There’s More to Showing Than What You See

There’s a standard rule in writing where you must show the audience rather than tell them. In screenwriting, telling occurs when a character says something in dialogue like, “Bob, I know you’ve been laid off for five years and have been divorced for two years, but we’ve been high school friends and I’m telling you to stop drinking so much and start living.”

Novices often burden characters with clumsy exposition in dialogue, which sounds fake and blunts the screenplay’s impact by simply being boring.

A far better solution is to show characters in action. However, the mistake with showing is simply showing someone doing something. In the above example, instead of the character clumsily reciting position in dialogue, we might see a montage of a character getting laid off, getting divorced, hanging out in high school, and drinking at night.

All of this shows what the character has done, but it lacks a crucial ingredient: emotion. When we see people doing something, it means nothing if we don’t know why they’re doing something.

Watch any montage and it only makes sense when you’ve already emotionally invested in that character’s fate. Even then, movies rarely offer more than one montage simply because a montage is all show but no emotion.

What you want when you show a character is to include emotion as well to get us cheering or jeering against a character. Blake Snyder mentioned this in his “Save the Cat” book where we need to empathize with the hero through a “save the cat” moment, which can occur when the hero does something admirable such as helping others.

Notice that montages rarely evoke any kind of emotion. We’re simply watching characters without feeling their emotions. To feel their emotions, we have to see them struggle towards a goal.

The biggest mistake in many screenplays is that they’re empty of emotion. That’s because they resort to simply showing a scene rather than let us get emotionally involved in the outcome of that scene.

Imagine watching two people fighting in a boxing ring. We don’t know who those people are so just watching them fight is boring. Add in the emotional element and now we suddenly care.
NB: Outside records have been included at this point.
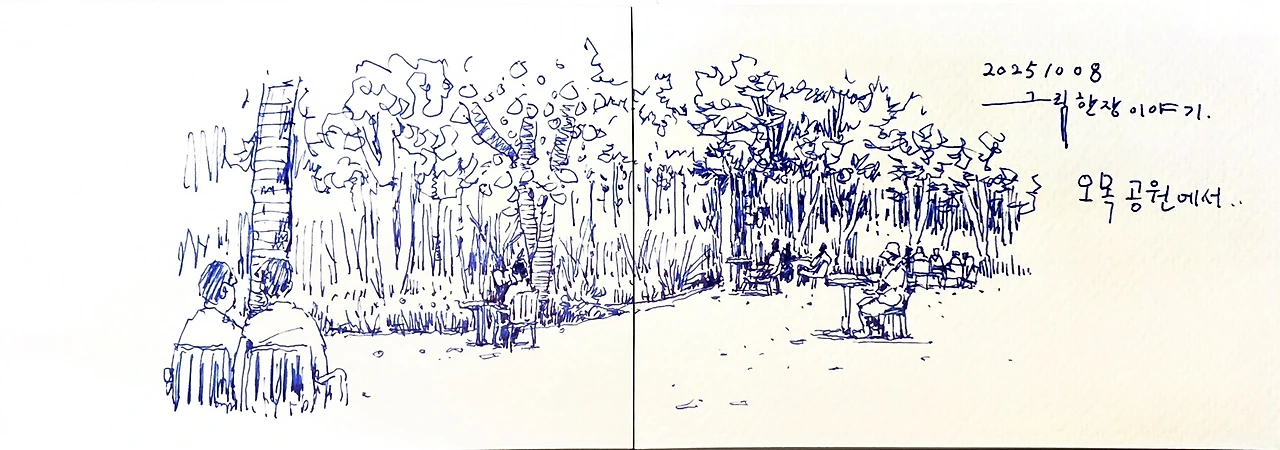 비가 멈추고 잠시 해가 나면 주변 공원에 가기도 했습니다. 자주 가는 산책로에서 벗어나 조금은 생소한 공원에서 그림 한 장을 그렸습니다.
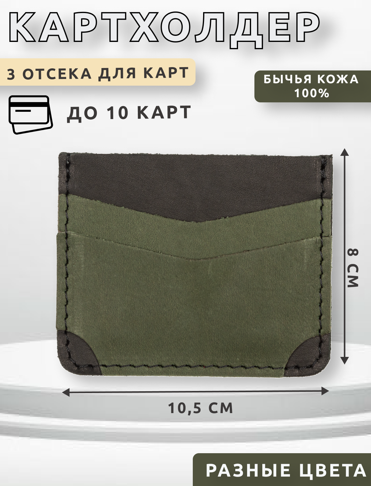 10 цен на Визитница кожаная картхолдер для карт, черная с зеленым
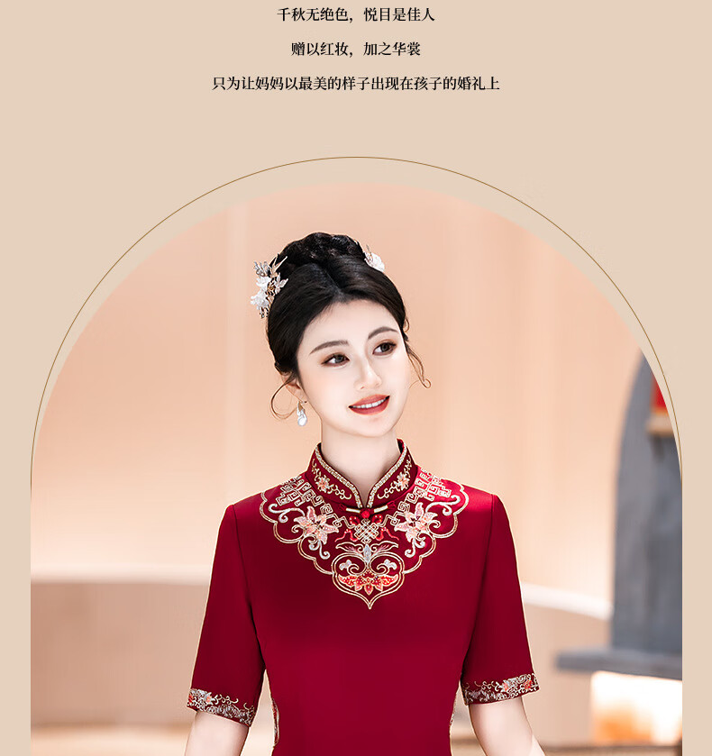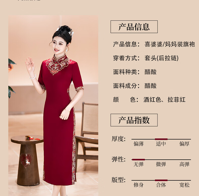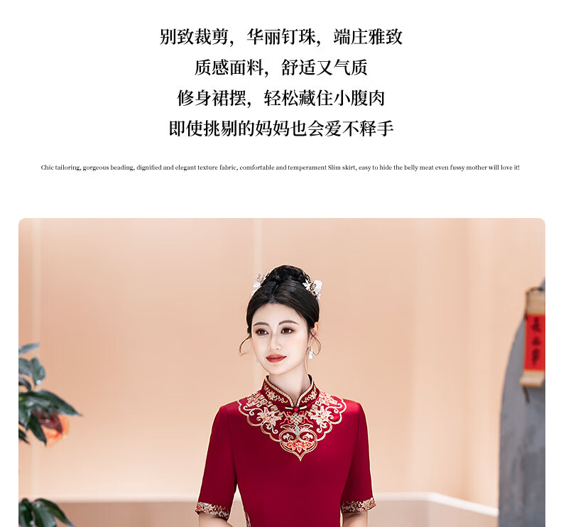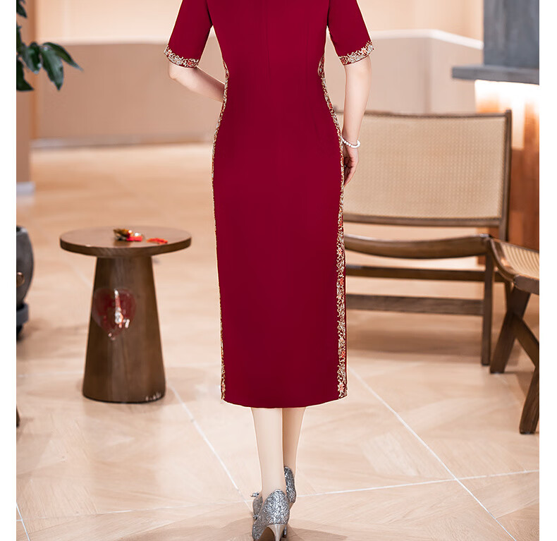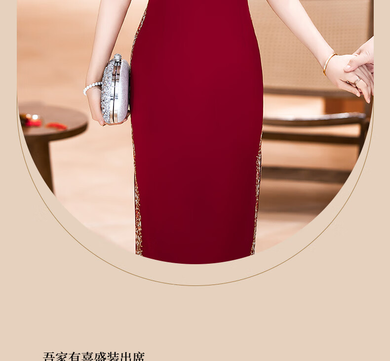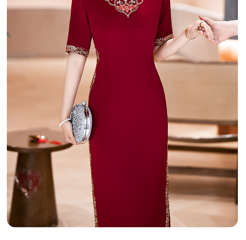 Rabbit style etiquette dress cheongsam Ao Dai cheongsam dress improved version cheongsam catwalk performance long cheongsam dress burgundy 2XL
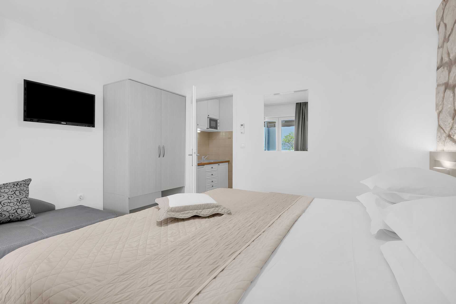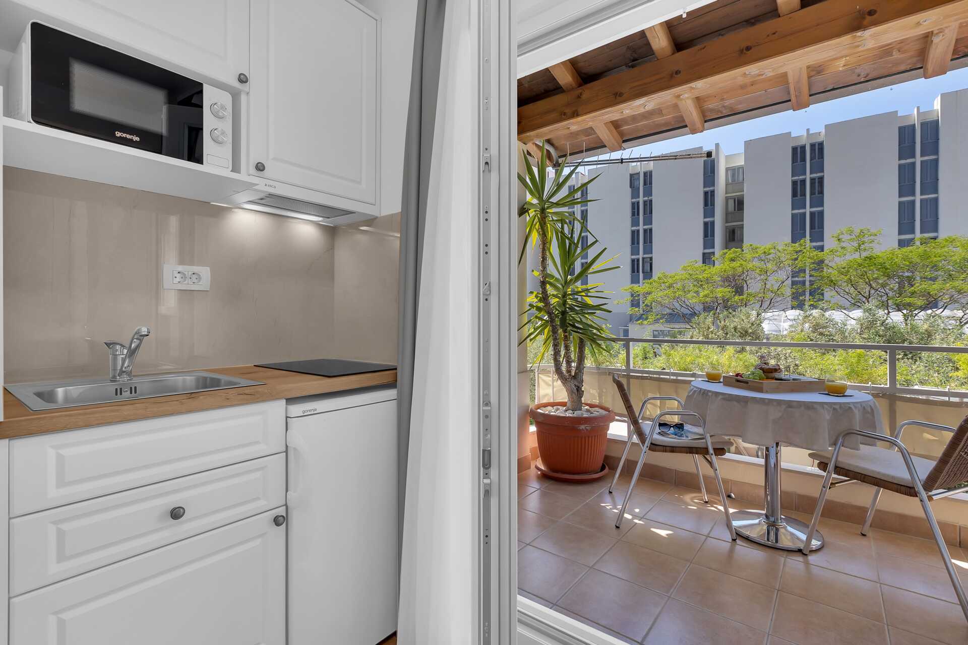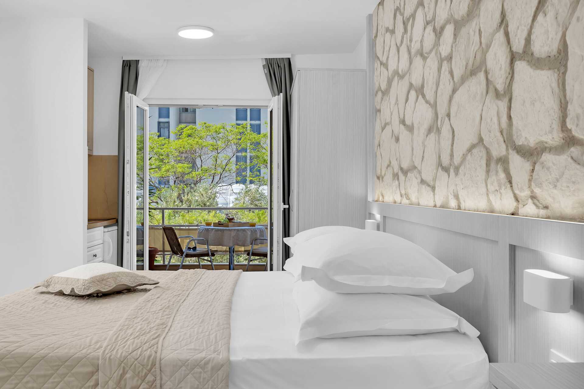 1-værelses lejligheder med balkon. Soveværelse kombineret med minikøkken. En dobbeltseng. Mulighed for ekstra opredning i sovesofa. Minikøkken med kogeplader, køleskab, el-kedel og enkelt køkkenudstyr. Gratis wifi, aircondition og deponering. Tv med internationale kanaler. Hårtørrer. Badeværelse med bruser og toilet. Rengøring 6 gange om ugen.
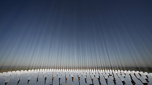 2.November 6, 2008. 西班牙塞維利亞的 "solucar" 太陽能公園 , 太陽能熱電站採用反射鏡集中太陽光到 100 米塔 , 那裡產生蒸汽驅動渦輪發電
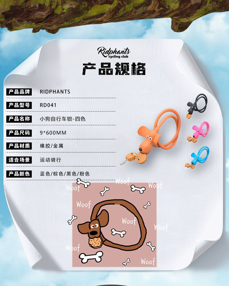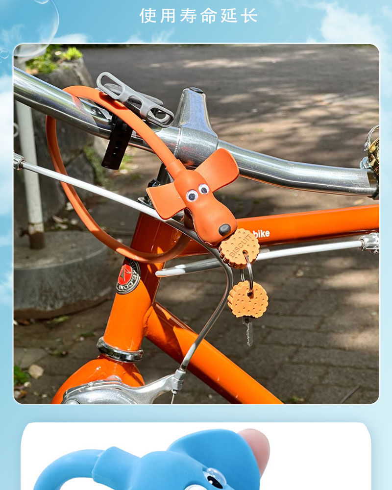 赤い本の同じタイプのシリコンの漫画のビスケットの子犬の自転車の創意の車は安全ロックの盗難防止の鍵をロックします。
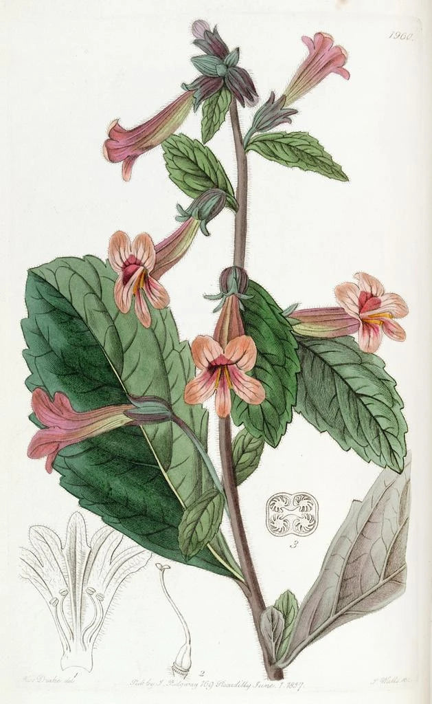 La impresión artística de la Rehmannia china nos transporta a un mundo donde la botánica y el arte se encuentran con elegancia. Los tonos cálidos de rosa y verde se entrelazan para crear una composición armoniosa, revelando la belleza delicada de esta planta medicinal. La técnica de Sydenham Edwards, a la vez minuciosa y expresiva, captura la esencia misma de la Rehmannia, evocando una atmósfera de tranquilidad y bienestar. Cada detalle está cuidadosamente representado, invitando al espectador a apreciar la esplendor de la naturaleza.
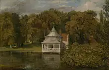 With the Napoleonic Wars over, in July 1816 Rebow had Constable return to Wivenhoe, and over the next two months the artist created two new works for him. These were Wivenhoe Park, Essex, and The Quarters, Alresford Hall, another property owned by Rebow. Both were complete by 17 September; the money from the commissions, as Rebow had intended, allowed Constable to marry his long-time sweetheart Maria Bicknell.[16][17] Both pictures again focused on Rebow's daughter, who is pictured driving a donkey cart in the former, a painting that Rebow had Constable extend so that the full extent of Wivenhoe Park could be included.[17][18] Constable wrote to Bicknell on 30 August describing the Rebows:
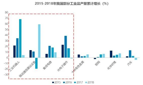 我国高端制造业增速远超传统制造业,产业结构不断优化。根据国家统计局的数据显示,2015-2018年,以工业机器人、移动通信基站设备、集成电路、光电子器件等为代表的高端制造业整体保持较高的增速;反观传统制造业,以十种有色金属、粗钢、化学纤维等为代表的传统制造业增速较低,与高端制造业增速差距较大。
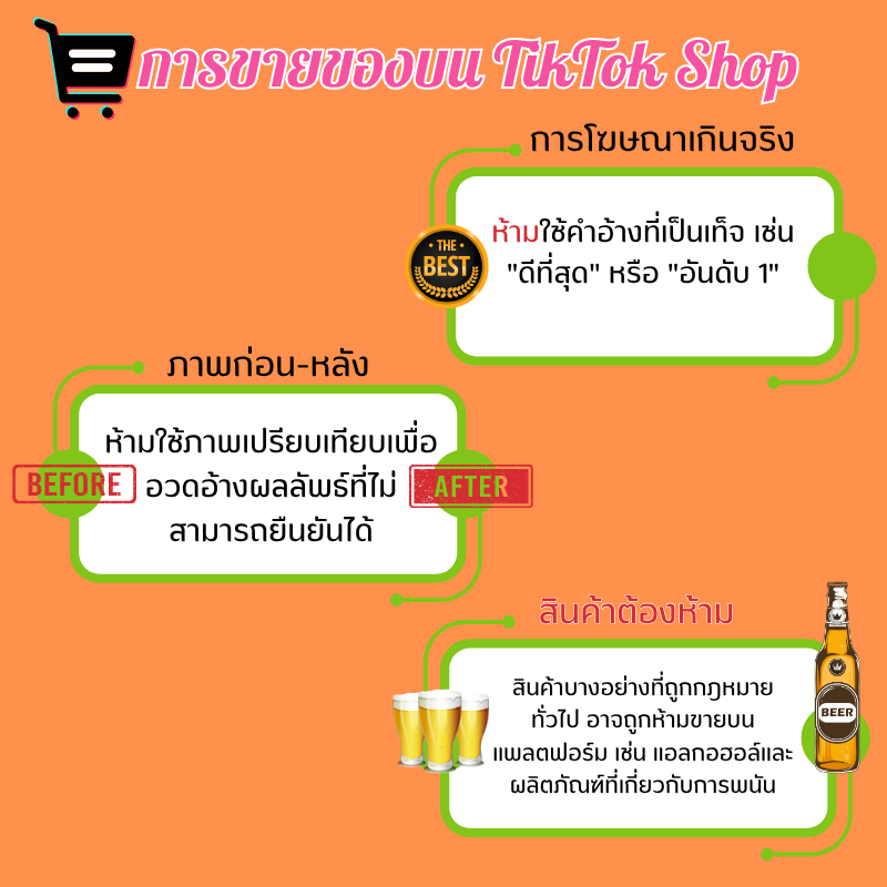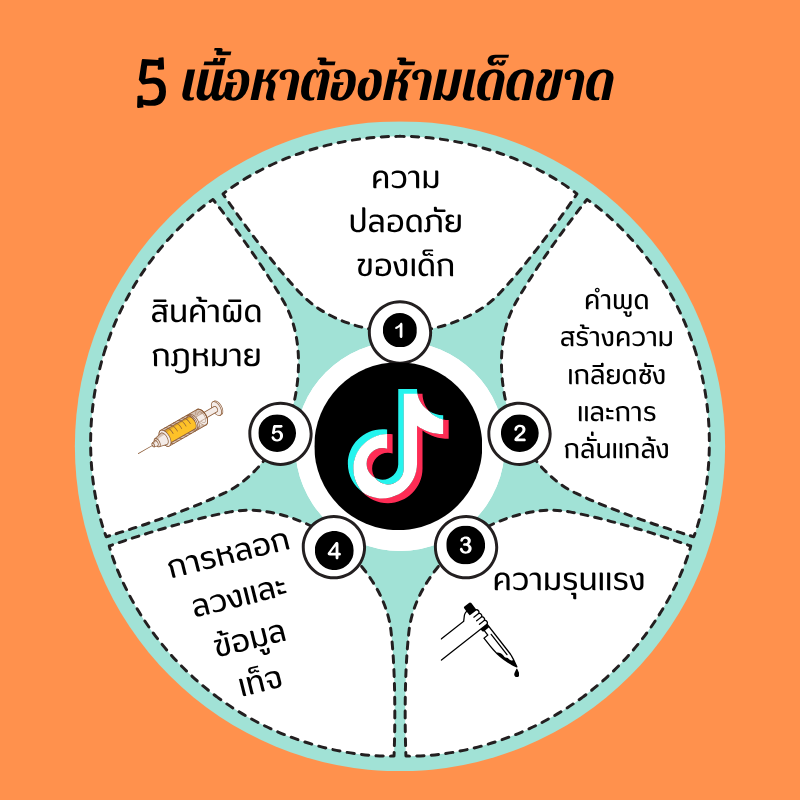 สรุปโดยย่อ คุณควรหลีกเลี่ยง เนื้อหาที่เกี่ยวข้องกับความรุนแรง, การกลั่นแกล้ง, คำพูดที่สร้างความเกลียดชัง, การละเมิดลิขสิทธิ์, การฉ้อโกง, การกล่าวอ้างเกินจริงในการขายสินค้า, และเนื้อหาสำหรับผู้ใหญ่ที่อาจผิดต่อหลักเกณฑ์โดยรวมของแพลตฟอร์ม
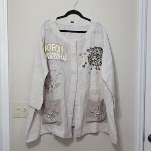 Features: Retail for 1330$, 3/4 sleeves, beaded, sequins, embroidered, oversized, 2 front pockets, scoop neck, 3 button closure,
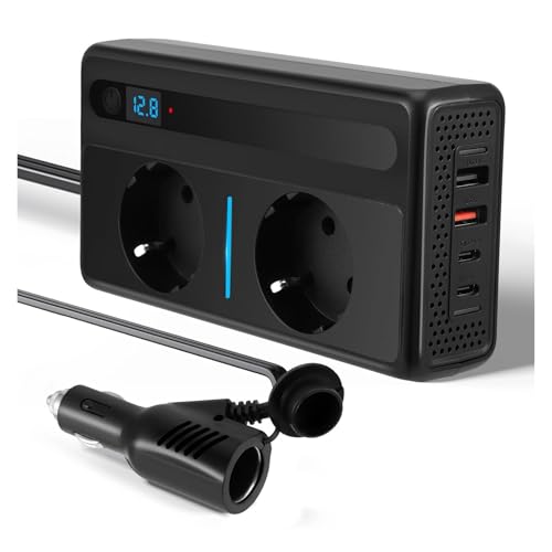 Convertisseur Convertisseur Tension Voiture 300W 12 V DC À 230 AC avec 4 Ports USB Chargeur Charge Rapide Prise Allume-Cigare Onduleur
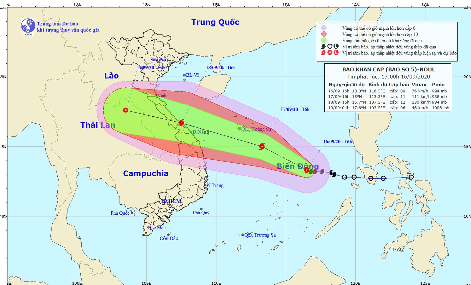 Vị trí và hướng đi cơn bão số 5 lúc 17h ngày 16/9. Ảnh: Trung tâm Dự báo KTTV quốc gia
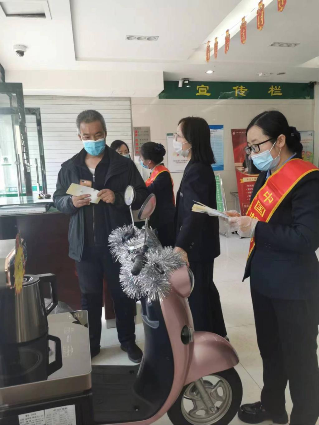 活動(dòng)使用統(tǒng)一印制的“綠色金融產(chǎn)品手冊(cè)”,以積極宣傳支行支持我縣生態(tài)文明建設(shè)的政策、產(chǎn)品和成效,提升社會(huì)公眾認(rèn)知為目標(biāo),重點(diǎn)針對(duì)綠色金融產(chǎn)品進(jìn)行了宣傳。對(duì)內(nèi),支行營業(yè)網(wǎng)點(diǎn)在活動(dòng)期間,在網(wǎng)點(diǎn)LED上打出活動(dòng)標(biāo)語,網(wǎng)點(diǎn)內(nèi)醒目位置擺放了宣傳折頁,同時(shí),由網(wǎng)點(diǎn)大堂經(jīng)理等工作人員對(duì)來網(wǎng)點(diǎn)辦理業(yè)務(wù)人員進(jìn)行宣傳教育,普及綠色金融知識(shí)。
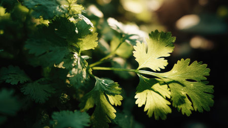 The Cilantro in spring, fresh green leaves, soft sunlight filtering, vibrant atmosphere full of vitality, natural textures, serene mood.

One way to add an emotional element is to give a character a goal and a reason for achieving that goal.

In the opening scene in “Rocky,” we see two boxers fighting and we don’t care about either one. Notice that the scene doesn’t just end there but goes a bit further showing one boxer head butting (cheating) against Rocky. Because this head butt is such a blatant foul, we now are emotionally invested in cheering for Rocky. His goal is to win the fight but now we understand his motivation.

Strip away motivation and a goal and we just see a stranger doing something. Add a goal and an emotion and that same action suddenly takes on greater significance and meaning.

Therefore you can’t just show characters in your screenplay doing something. You have to give us a reason to care ad to do that, you have to help us understand that character’s goal and their emotional motivation. Now we’ll care about a scene.

Rather than show short scenes, think about fewer, but longer scenes that let us delve into a character’s goal and motivation. Showing is never enough. Showing action plus motivation is what we really want to see.